Congratulations to ECL Ph.D. candidate Don Holmes! Holmes has been selected as one of UNC’s four institutional nominees for the ACLS Emerging Voices Fellowship.
After being selected from departmental nominations across the college, Holmes will now go through the selection round at the American Council of Learned Societies.
Read more about Holmes’ far-reaching project and his further plans for the research:
“My research interests are in early African American rhetoric, literacy, and language. I investigate the narratives of my early ancestors to illuminate the methods they used to negotiate their voices into public discourse through a centering of a Black worldview. My current project, ‘Black Diplomatic Rhetoric,’ outlines what I describe as a ‘diplomatic rhetoric’ that black speakers/writers used to expose the dominant society’s anti-black sentiments about Black material and spiritual exclusion in early America. I describe my work as seeking to understand the diachronic evolution of early African American rhetoric, tracing rhetorical shifts from negotiating directly to influential white audiences to speaking to and for a robust and growing consequential Black and public demographic at the turn of the nineteenth century. Even though my work is grounded in rhetorical theory and early African American cultural history, I find it especially important for understanding the United States’ contemporary ills, such as police brutality and voter suppression, among others. The lasting moan of #blacklivesmatter, for instance, has permeated within every African American generation, continuing calls for a more equitable and just society. In other words, the social justice engagement of the twenty-first century isn’t new but part of a long narrative in which African Americans have had to constantly argue for their humanity.

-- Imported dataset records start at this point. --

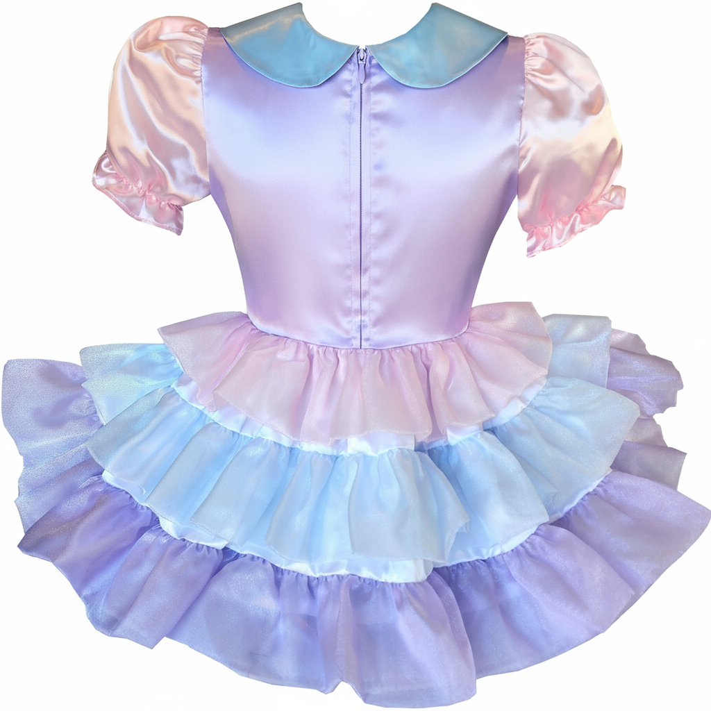 *Made from charmeuse satin in pink, lavender, and baby blue *Blue satin peter pan collars *Elasticized puff sleeves *Ruffled skirt with three rows of sparkle organza ruffles *Back zipper closure *Displayed over a mini hoop skirt which is not included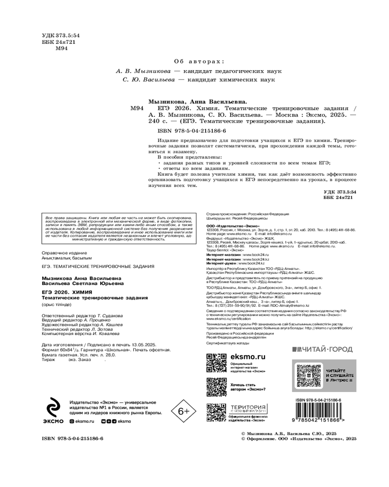 💳 Оплатить за товар можно при получении 🇰🇿 Есть бесплатная доставка по Казахстану от 1 дня 🎁 Копите бонусы с каждой покупки Серия: ЕГЭ. Тематические тренировочные задания (обложка) Пособие адресовано учащимся старших классов, планирующим сдавать ЕГЭ по химии. Тренировочные задания позволят систематически, при прохождении каждой темы, готовиться к экзамену. В пособии представлены задания разных типов и уровней сложности по всем темам ЕГЭ с ответами и решениями. Данная книга для школьников поможет ученикам последовательно отработать каждую тему, устранить пробелы в знаниях, а также систематизировать изучаемый материал. Она будет полезна учителям химии при организации подготовки учащихся к ЕГЭ. Представлены задания, максимально приближенные к реальным, используемым на едином государственном экзамене, и распределенные по темам в порядке их изучения в 10–11 классах старшей школы. |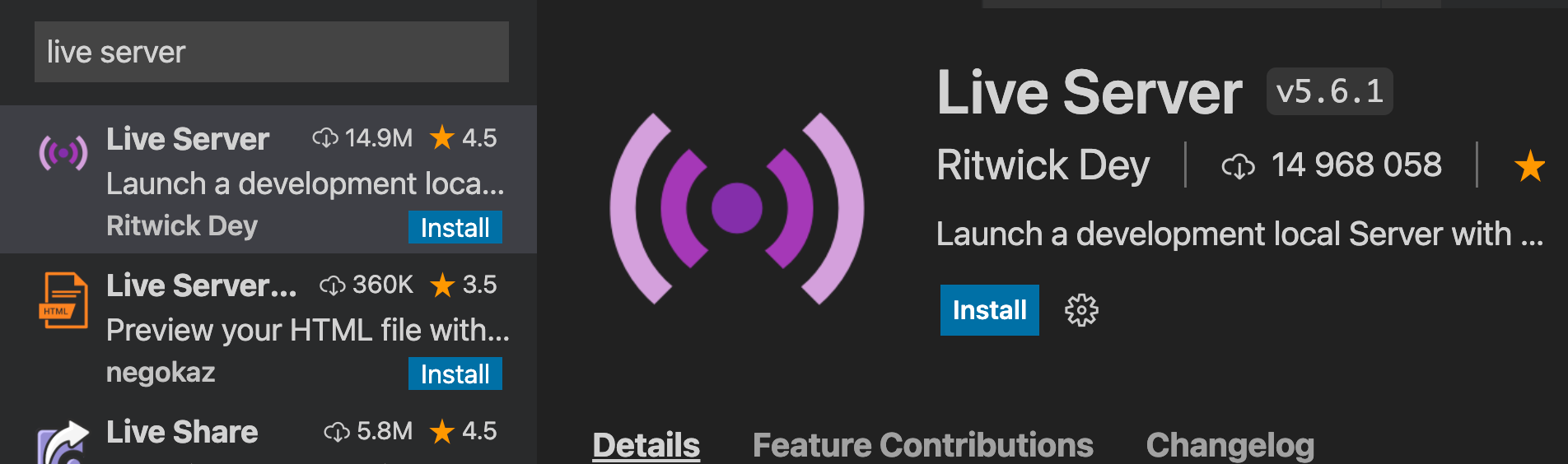 Deretter søker du på "Live Server" og installerer den øverste av søkeresultatene som burde se slik ut: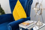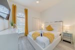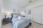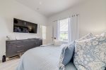 The front-facing queen bedroom offers superb comfort, featuring a leather headboard, stylish mirrored bedside cabinets, a roomy dresser, closet, and a 55-inch smart TV.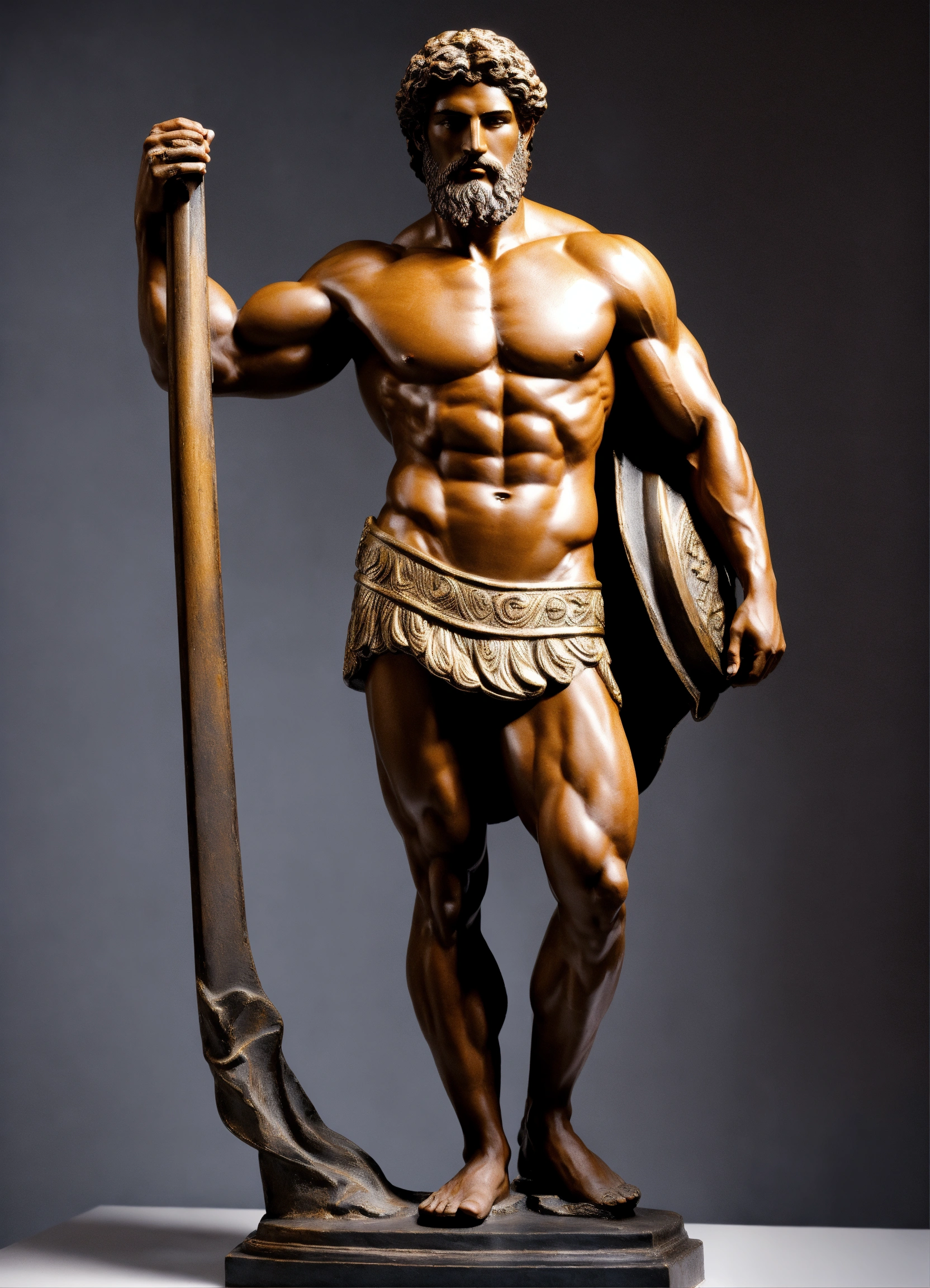 Simple muscular greek god statue with middelparting hair black boddy with white backround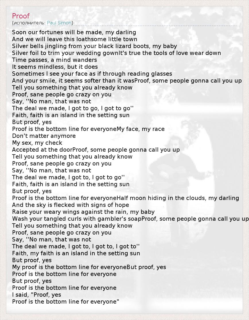 Это интересно:Пол Фредерик Саймон (англ. Paul Frederic Simon; 13 октября 1941, Нью-Джерси) — рок-музыкант, поэт и композитор, обладатель трёх премий «Грэмми» в номинации «лучший альбом года» (1970, 1975, 1986). Биография:1957—1972Саймон родился в еврейской семье, вырос в Квинсе, учился в Колумбийском университете. Зимой 1957—1958 годов и в 1964—1970 он записывался и выступал в дуэте со своим школьным товарищем Артом Гарфанкелом... продолжение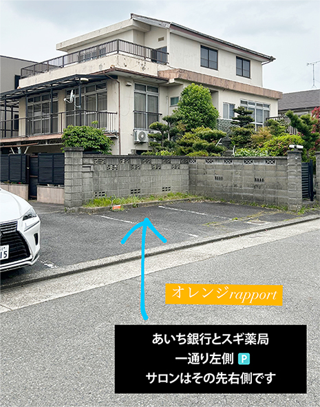 中京銀行とスギ薬局の一通を入り左側に駐車場(オレンジ看板)サロンはその先右側となります。

While I am still researching and writing more and more on my current project, I envision it as a public-facing book project that could aid in amplifying our understanding of the early Black experience in colonial America. My work seeks to center Black voices during this timeframe, and I see my work as having lasting contributions not only to African American rhetoric studies, but indeed the ways in which we view early American history, its promises, and its failures.”